Separate properties for disabled and expired should be added. Rarely would I expect disabled secrets to be needed, but there are plenty of scenarios that may still need expired secrets. As secrets (keys, etc.) rotate, those older ones are still need in many scenarios.

heaths commented 2 years ago

@KrzysztofCwalina @tg-msft what do you think about @jsquire's proposal, that I add IncludeExpiredSecrets and IncludeDisabledSecrets to AzureKeyVaultConfigurationOptions, which would look sometihng like this:

builder.Configuration.AddAzureKeyVault(
    new Uri($"https://{builder.Configuration["KeyVaultName"]}.vault.azure.net/"),
    new DefaultAzureCredential(),
    new AzureKeyVaultConfigurationOptions
    {
        IncludeDisabledSecrets = false,
        IncludeExpiredSecrets = false,
    });

These would be true by default. My concern here - though we can solve it with doc comments - is that it may not work if someone provides their own KeyVaultSecretManager, for which they can also accomplish this fairly easily now:

builder.Configuration.AddAzureKeyVault(
    new Uri($"https://{builder.Configuration["KeyVaultName"]}.vault.azure.net/"),
    new DefaultAzureCredential(),
    new AzureKeyVaultConfigurationOptions
    {
        Manager = new MyKeyVaultSecretManager(),
    });

// ...
class MyKeyVaultSecretManager : KeyVaultSecretManager
{
  public override bool Load(SecretProperties properties) =>
    properties.Enabled.HasValue &&
    properties.Enabled.Value &&
    properties.ExpiresOn.Hasvalue &&
    properties.ExpiresOn.Value > DateTimeOffset.Now;
}

Doc comments could simply indicate that if you set Manager and either/both of the other two, it's up to you to use them or not. But now we have two ways of accomplishing the same thing. Is this okay?

tg-msft commented 2 years ago

I'd be okay with either introducing the properties or a States enum like https://docs.microsoft.com/en-us/dotnet/api/azure.storage.blobs.models.blobstates?view=azure-dotnet and defaults that mirror today's semantics. Do we think there are a lot of customers deriving from the manager? If so, maybe we could solve that with an overload that called the default method and then did the filtering.
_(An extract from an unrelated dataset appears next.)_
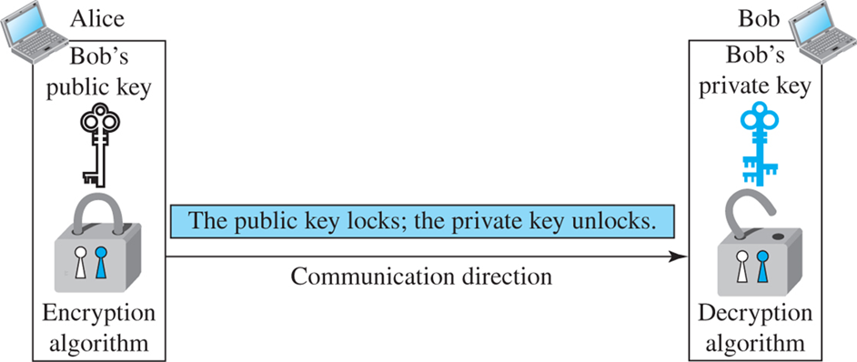 암호화와 복호화를 열쇠로 자물쇠를 잠금 및 해제하는 것으로 생각하는 경우, 공개 키로 잠긴 자물쇠는 대응하는 개인 키를 사용하여 잠금을 해제 가능

heaths commented 2 years ago

I'd be surprised if more than a handful of devs are extending the manager. The BlobStates isn't bad, but I was thinking more along the lines of DefaultAzureCredentialOptions. On that note, to have a false default, maybe I should use Exclude as a prefix like DACOptions does i.e., ExcludeDisabledSecrets = false and ExcludeExpiredSecrets = false by default.

heaths commented 1 year ago

If we make these changes, should update the docs referenced in dotnet/AspNetCore.Docs#26714

heaths commented 10 months ago

To note: expired and disabled secrets are listed from Key Vault but disabled secrets cannot be individually retrieved from Key Vault. The service does not allow it.

See my comments for details.

pallavit commented 8 months ago

@heaths, @jsquire I have not seen many usages of this, do you think this is something we should consider exposing? Also I am assuming this is owned by our team as I see this being updated mostly by our team members :).

jsquire commented 8 months ago

@pallavit: I think it's worth keeping as a backlog issue. We've got an approach that looks to have architect support and it's low effort. I'm hoping that we can pick this up in the current extensions sweep that we're working through.

github-actions[bot] commented 3 months ago

Hi @sameernafdey, we deeply appreciate your input into this project. Regrettably, this issue has remained unresolved for over 2 years and inactive for 30 days, leading us to the decision to close it. We've implemented this policy to maintain the relevance of our issue queue and facilitate easier navigation for new contributors. If you still believe this topic requires attention, please feel free to create a new issue, referencing this one. Thank you for your understanding and ongoing support.